While it is true, as you state, that the department is not required to prepare new information in response to a request, see Attorney General Opinion H-90 (1973) and Open Records Decision No. 452 1t 2 (1986), a governmental body must make a good faith effort to relate a request to information which it holds. Open Records Decision No. 561 at 8-9 (1990), 87 (1975). It is well established that a governmental body may not disregard a request for records made pursuant to the Act merely because a requestor does not specify the exact documents desired. A hyper-technical reading of the Act does not effectuate the purpose of the Act; a written communication that reasonably can be judged to be a request for public information is a request for information under the Act. Open Records Decision Nos. 497 at 3 (1988), 44 at 2 (1974).

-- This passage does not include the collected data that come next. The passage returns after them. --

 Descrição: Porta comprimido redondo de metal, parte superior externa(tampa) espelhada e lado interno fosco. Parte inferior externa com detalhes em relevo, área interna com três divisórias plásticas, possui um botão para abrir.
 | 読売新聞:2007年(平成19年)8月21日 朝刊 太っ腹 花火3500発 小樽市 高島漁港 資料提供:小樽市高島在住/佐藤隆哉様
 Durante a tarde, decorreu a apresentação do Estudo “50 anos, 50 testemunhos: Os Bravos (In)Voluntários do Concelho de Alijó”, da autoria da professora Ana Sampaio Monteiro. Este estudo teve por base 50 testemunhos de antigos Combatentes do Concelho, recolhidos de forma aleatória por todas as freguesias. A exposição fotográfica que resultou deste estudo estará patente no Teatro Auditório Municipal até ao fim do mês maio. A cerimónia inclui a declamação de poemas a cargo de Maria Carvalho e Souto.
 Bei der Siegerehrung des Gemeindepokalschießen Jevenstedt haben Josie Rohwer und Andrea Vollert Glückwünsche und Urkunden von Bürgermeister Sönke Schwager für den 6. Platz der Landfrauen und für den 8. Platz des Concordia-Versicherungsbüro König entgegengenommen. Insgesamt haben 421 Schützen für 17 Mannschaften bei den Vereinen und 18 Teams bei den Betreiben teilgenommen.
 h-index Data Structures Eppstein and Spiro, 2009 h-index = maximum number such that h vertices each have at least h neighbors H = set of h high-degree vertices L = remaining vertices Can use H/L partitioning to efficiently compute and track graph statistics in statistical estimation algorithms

Section 552.222(b) of the Government Code provides that if a governmental body is unable to determine the nature of the records being sought, it may ask the requestor to clarify the request so that the desired records may be identified. This office has previously held that a request "must sufficiently identify the information requested and an agency may ask for a clarification if it cannot reasonably understand a particular request." Open Records Decision Nos. 663 at 4 (1999), 23 at 1-2 (1974); see also Open Records Decision No. 304 (1982) (governmental body sought clarification as to particular documents sought when requestor asked for all documents relating to particular issue). However, section 552.222 does not stand for the proposition that a request may be denied merely because it seeks a broad range of documents. The purpose of this section is to authorize a dialogue between the governmental body and the requestor regarding the scope of the records request. ORD 663. When a requestor makes a vague or broad request, the governmental body should make a good faith effort to advise the requestor of the type of documents available so that the requestor may narrow or clarify the request. See id. at 5. On the other hand, if the requestor chooses not to narrow a broad request, the governmental body must release all responsive information if no exception to disclosure applies. Furthermore, the administrative inconvenience of providing public records is not grounds for refusing to comply with the Act. Industrial Found. v. Texas Indus. Accident Bd., 540 S.W.2d 668, 687 (Tex. 1976).

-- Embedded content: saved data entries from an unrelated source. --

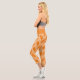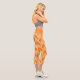 These capri leggings feature a trendy geometric herringbone pattern in peach, orange, and white.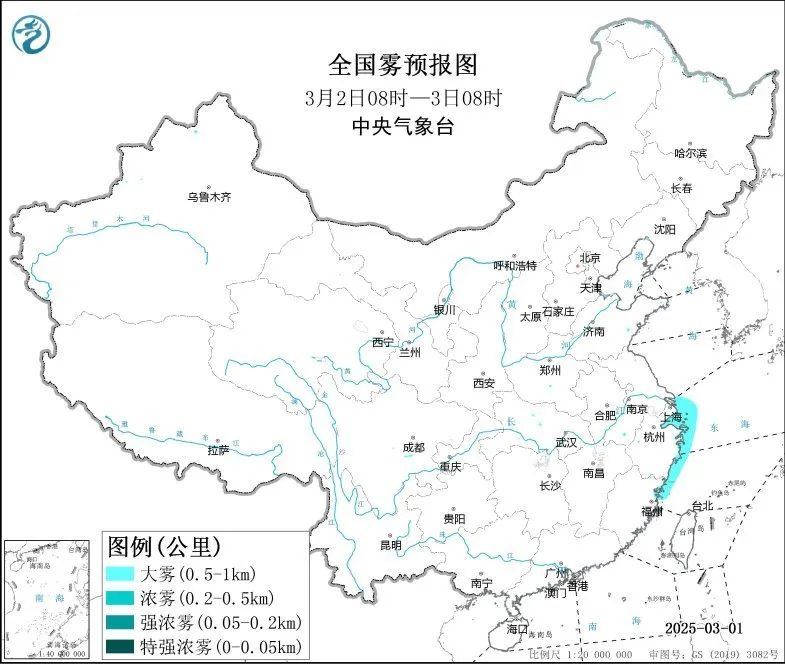 预计,3月2日白天至夜间,长江口及杭州湾附近海域、舟山群岛附近海域、浙江沿岸海域、上海港、宁波港将有能见度不足1公里的浓雾。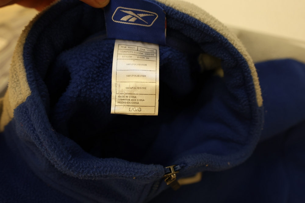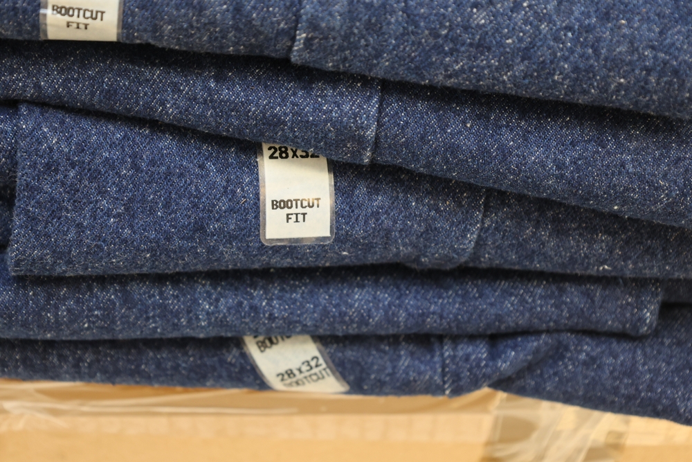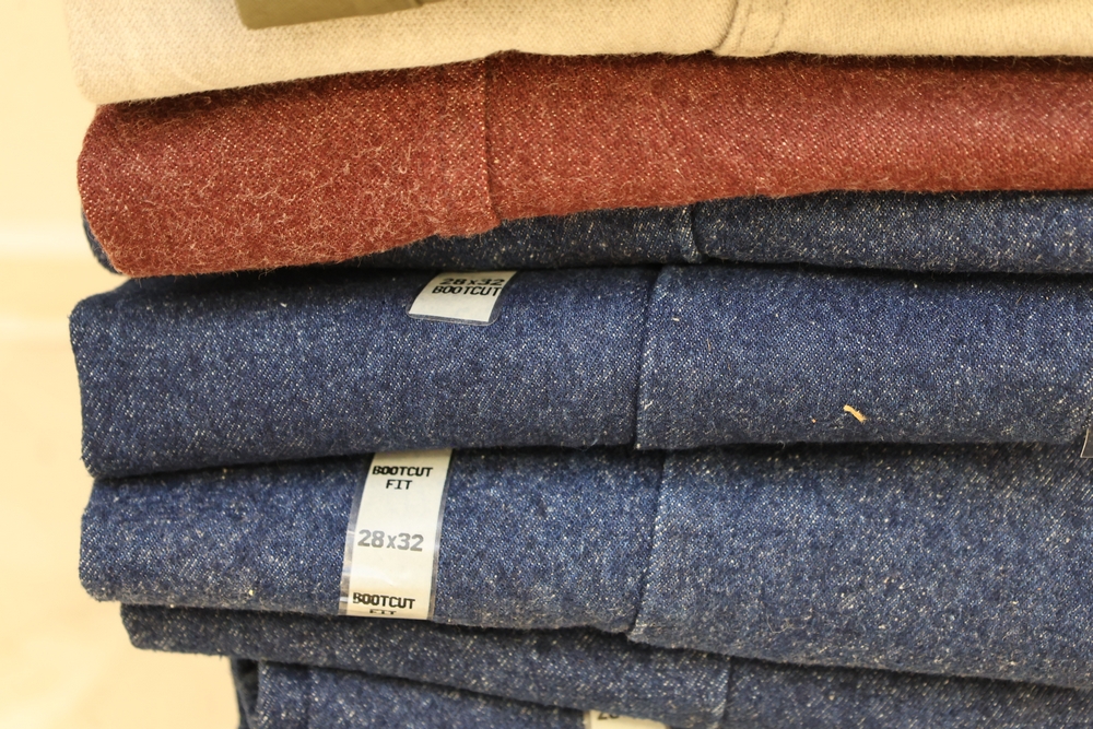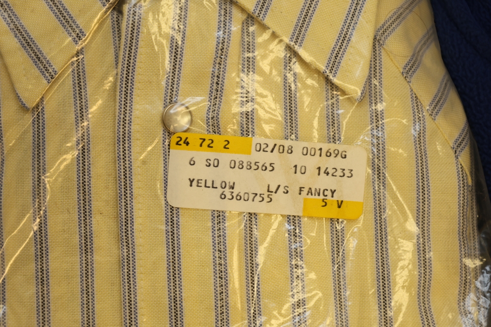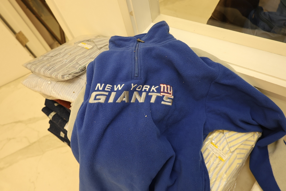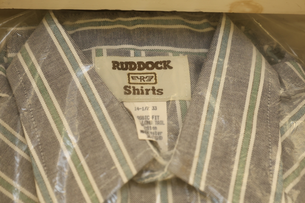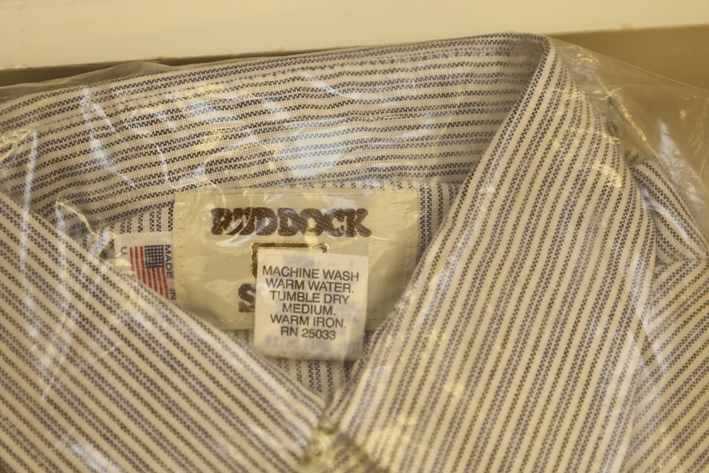 Group of clothing including Lee bootcut jeans (28 x 32), multiple packaged western shirts including Ruddock and Ely Cattleman brands, Lands End shirt, New York Giants fleece pullover, and Jockey for Boys three pack T shirts.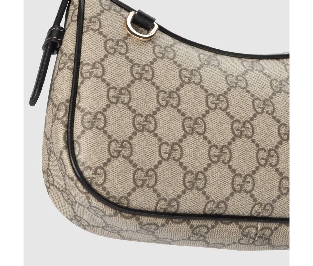 – 베이지 및 다크 브라운 신규 GG 모노그램 코팅 원단– 블랙 가죽 트리밍
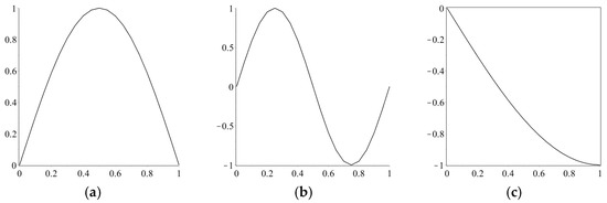 The finite element method is used to implement and perform the free-vibration analyses using a quadratic beam finite element (three nodes) with three degrees of freedom per node, namely . According to the finite element method, the generalized displacements will be described as linear combinations of the corresponding nodal degrees of freedom and the nodal shape functions. Strains will be obtained accordingly by considering Equation (6). Considering this and Equations (11), (18) and (19), one obtains the equilibrium equation at the element level [36].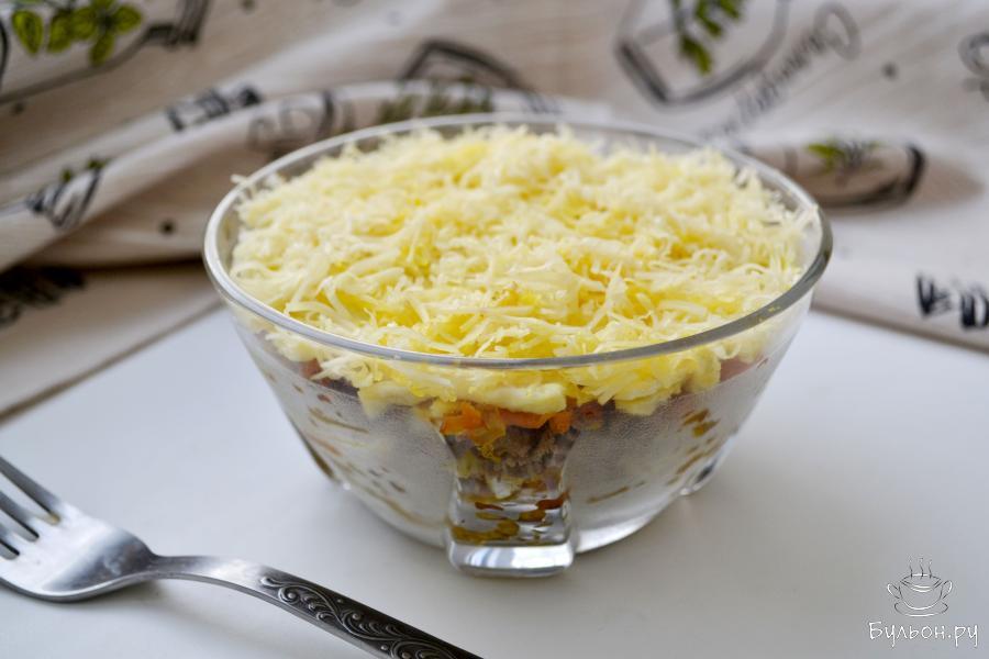 Куриная печень хорошо используется для приготовления салатов. Салат из куриной печени, моркови, сыра и яичных блинчиков можно приготовить как для повседневного меню, так и на праздничный стол. Салат получается очень вкусный и сытный. Его можно собрать слоями в общем салатнике или порционно, с использованием кулинарного кольца. Все продукты хорошо сочетаются по вкусу. Морковь придает легкую сладость, яичные блины - нежность салату, куриная печень - сытность.

The requestor begins by stating she is seeking "to obtain files from the San Antonio Vice Unit concerning undercover operations they perform at local strip clubs." (Emphasis added). She follows this with a series of questions that relate to the expenditure of public funds, the assignment of public employees, and the arrest and citation history associated with her target topic. Although the first six items of the request are indeed questions, we believe they can reasonably be construed as a request for public information and should have, at the least, triggered a dialogue conducted in good faith consistent with the previously cited authority.
You assert the seventh requested item is overly vague and that you have requested clarification from the requestor. Specifically, the request states:
I'm sending this request to obtain files from the San Antonio Vice Unit concerning undercover operations they perform at local strip clubs.
. . .
7) I would like a copy of any police reports related to questions 5 & 6 [relating to arrests and citations made by the Vice Unit in 1999].
In response to this request, the department sent a letter to the requestor stating: "In order for the department to conduct a search for the reports you seek, you must specify the names and addresses of the businesses that you consider 'strip clubs.'" You assert that the requestor agreed to provide a list of the businesses fitting that description, but that she has failed to do so.
We believe that, based on the authority cited above, the department has two choices when faced with a request of this nature: either seek clarification or a narrowing of the request, explaining to the requestor the types of information available or, in the alternative, make a good faith effort to relate the request to information in the department's possession and release that information or assert the reasons why it believes release is improper. Here, we conclude the department has done neither.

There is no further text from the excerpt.